Глубоко засунув руки в карманы куртки, я стоял как столб в комнате на четвертом этаже старого дома по улице Франк-Буржуа и, машинально сжимая в потной ладони погасшую трубку, слушал стоны почтенного здания под натиском непогоды.
Гнилая весна!
Капли дождя, гонимые воющим ветром, хлестали по мутным стеклам окна без занавесок. За окном – пейзаж из мокрых крыш и свинцового неба, источавшего давящий, нездоровый свет. На мансарде соседнего дома болталось, как эмблема позорной капитуляции, какое-то белье сомнительной чистоты. Слева, по идее, должен был находиться особняк Клиссон, или Субиз, где хранятся национальные архивы. Прямо впереди, над хаотичным нагромождением крыш, возвышалась дымовая труба булочной или литейной мастерской. Дым из трубы поднимался вверх до самых туч и вливался в них.
Начавшая погружаться в сумерки комната разделялась на две неравные части прилавком с проходом и горизонтальной доской на петлях, служившей как бы дверцей. В данный момент проход был закрыт.
По ту сторону прилавка стоял столик с древней пишущей машинкой типа «Ремингтон», открытой бухгалтерской книгой, письменными принадлежностями, пепельницей, полной окурков, маленькой лампой с зеленым абажуром, телефоном, лабораторными весами, чувствительными, как девушка-подросток, лупой часовщика, пробным камнем и т. д.
Позади потертого кожаного кресла находилась вешалка с целой коллекцией разной одежды. На некрашеных деревянных полках, обегающих стены во всю длину, в беспорядке громоздились кучи всякого добра. Между военной каской образца 1870 года с острием наверху и театральным биноклем валялся плюшевый мишка, на которого было больно смотреть.
На мраморной полке камина рычал тигр, обернувшись к чайке на гребне застывшей волны. Настенные часы меланхолически отсчитывали время рядом с художественными изделиями из бронзы.
Прямо на паркете громоздились стопки книг в потертых переплетах, тут же лежали зловещие бухгалтерские книги, блестя черным коленкором.
Возле железной печки без огня стоял сундук.

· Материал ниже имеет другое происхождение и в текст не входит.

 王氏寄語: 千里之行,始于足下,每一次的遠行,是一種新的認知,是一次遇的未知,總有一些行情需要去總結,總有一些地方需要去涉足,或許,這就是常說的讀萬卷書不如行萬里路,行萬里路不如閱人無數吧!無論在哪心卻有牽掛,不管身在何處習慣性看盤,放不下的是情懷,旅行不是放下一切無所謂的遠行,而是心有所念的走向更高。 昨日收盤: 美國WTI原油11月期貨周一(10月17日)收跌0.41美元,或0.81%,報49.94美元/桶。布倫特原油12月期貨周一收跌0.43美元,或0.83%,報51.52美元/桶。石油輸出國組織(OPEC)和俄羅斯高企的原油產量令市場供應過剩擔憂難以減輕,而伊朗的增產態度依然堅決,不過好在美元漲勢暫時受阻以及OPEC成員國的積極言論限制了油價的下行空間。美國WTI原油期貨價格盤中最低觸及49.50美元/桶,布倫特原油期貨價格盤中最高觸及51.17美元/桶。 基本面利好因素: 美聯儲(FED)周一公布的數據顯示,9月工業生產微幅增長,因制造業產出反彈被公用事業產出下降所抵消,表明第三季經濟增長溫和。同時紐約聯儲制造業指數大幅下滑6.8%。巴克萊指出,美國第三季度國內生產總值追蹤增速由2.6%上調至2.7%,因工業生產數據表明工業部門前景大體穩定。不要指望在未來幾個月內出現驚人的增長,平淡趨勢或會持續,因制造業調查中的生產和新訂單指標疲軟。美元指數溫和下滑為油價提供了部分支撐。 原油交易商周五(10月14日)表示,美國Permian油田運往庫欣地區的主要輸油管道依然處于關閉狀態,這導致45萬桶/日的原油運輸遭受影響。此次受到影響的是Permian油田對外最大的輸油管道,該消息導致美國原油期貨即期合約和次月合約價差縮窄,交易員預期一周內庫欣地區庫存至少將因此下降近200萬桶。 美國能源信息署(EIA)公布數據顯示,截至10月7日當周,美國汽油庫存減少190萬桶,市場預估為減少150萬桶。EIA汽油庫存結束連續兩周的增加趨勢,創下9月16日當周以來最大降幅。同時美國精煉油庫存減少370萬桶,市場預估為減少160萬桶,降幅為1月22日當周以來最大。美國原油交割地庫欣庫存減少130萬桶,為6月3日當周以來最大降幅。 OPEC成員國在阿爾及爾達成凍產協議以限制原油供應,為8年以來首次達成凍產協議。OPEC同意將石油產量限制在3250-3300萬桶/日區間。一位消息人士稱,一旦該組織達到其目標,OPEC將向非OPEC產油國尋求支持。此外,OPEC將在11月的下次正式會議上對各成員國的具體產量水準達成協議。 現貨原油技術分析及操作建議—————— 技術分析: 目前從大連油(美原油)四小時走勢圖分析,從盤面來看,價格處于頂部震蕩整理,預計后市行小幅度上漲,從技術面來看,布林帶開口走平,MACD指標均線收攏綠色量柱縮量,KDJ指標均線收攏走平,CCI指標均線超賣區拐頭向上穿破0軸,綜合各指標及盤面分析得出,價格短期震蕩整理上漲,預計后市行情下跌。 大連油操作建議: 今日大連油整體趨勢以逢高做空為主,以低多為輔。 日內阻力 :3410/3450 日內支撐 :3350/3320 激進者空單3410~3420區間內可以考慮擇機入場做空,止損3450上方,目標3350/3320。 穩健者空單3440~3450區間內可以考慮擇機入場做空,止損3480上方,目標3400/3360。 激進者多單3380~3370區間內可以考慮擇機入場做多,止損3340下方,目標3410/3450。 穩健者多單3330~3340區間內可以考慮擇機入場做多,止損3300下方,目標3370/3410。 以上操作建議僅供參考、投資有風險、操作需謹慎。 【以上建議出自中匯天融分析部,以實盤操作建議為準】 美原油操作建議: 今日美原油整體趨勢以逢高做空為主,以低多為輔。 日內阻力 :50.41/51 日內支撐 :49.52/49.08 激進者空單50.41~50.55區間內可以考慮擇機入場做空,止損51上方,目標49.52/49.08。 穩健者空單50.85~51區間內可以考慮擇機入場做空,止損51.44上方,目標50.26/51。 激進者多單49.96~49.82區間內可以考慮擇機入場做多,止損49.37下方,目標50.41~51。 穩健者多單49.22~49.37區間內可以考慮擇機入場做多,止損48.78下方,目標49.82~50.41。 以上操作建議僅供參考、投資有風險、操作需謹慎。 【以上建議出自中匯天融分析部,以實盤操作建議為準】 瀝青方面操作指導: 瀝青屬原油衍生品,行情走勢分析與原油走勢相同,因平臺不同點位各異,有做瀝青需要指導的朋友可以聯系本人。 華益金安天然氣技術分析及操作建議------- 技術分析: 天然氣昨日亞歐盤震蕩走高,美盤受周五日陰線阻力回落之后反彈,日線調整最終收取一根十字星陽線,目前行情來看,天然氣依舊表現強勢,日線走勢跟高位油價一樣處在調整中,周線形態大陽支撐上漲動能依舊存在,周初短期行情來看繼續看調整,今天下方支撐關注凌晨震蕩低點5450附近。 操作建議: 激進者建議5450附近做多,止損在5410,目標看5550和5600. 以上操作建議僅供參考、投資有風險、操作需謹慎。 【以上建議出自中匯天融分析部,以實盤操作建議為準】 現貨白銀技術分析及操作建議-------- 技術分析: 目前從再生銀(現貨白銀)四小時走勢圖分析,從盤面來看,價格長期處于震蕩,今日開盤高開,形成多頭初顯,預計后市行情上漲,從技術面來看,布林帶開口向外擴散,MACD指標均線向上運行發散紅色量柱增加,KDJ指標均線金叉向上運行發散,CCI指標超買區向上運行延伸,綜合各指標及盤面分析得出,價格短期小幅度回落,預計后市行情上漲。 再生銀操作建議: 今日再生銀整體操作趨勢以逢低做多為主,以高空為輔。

Хозяин этого собрания экспонатов, кричащих о горе и нужде других людей – папаша Самюэль,– возлежал посреди своей пыльной кладовой, уставившись на меня немигающим взглядом, как бы насмехаясь, со вздернутой губой над кроличьими зубами.
Жюль Кабироль – согласно гражданским документам – охотно разрешал называть себя Самюэлем. Ростовщик, устроивший свою контору вблизи ломбарда, он считал, что немного иудаизма в его профессии не помешает.
Стоя перед ним, я соображал: сколько бы он дал за голенькую женщину из литого золота, создающую иллюзию танца на его груди. Сложный вопрос. А кроме того, бессмысленный. Бессмысленный на все сто процентов. Маленькая женщина служила рукояткой ножа для разрезания бумаг, лезвие которого полностью погрузилось в черствое сердце старого пирата, и в этот дождливый апрельский день папаша Самюэль воплощал в себе иллюзии тех бедолаг, которые приходили к нему, чтобы обменять дорогие их сердцу вещи на кусок хлеба.
Сейчас он сам был так же мертв, как и эти вещи. А может, даже немножко больше.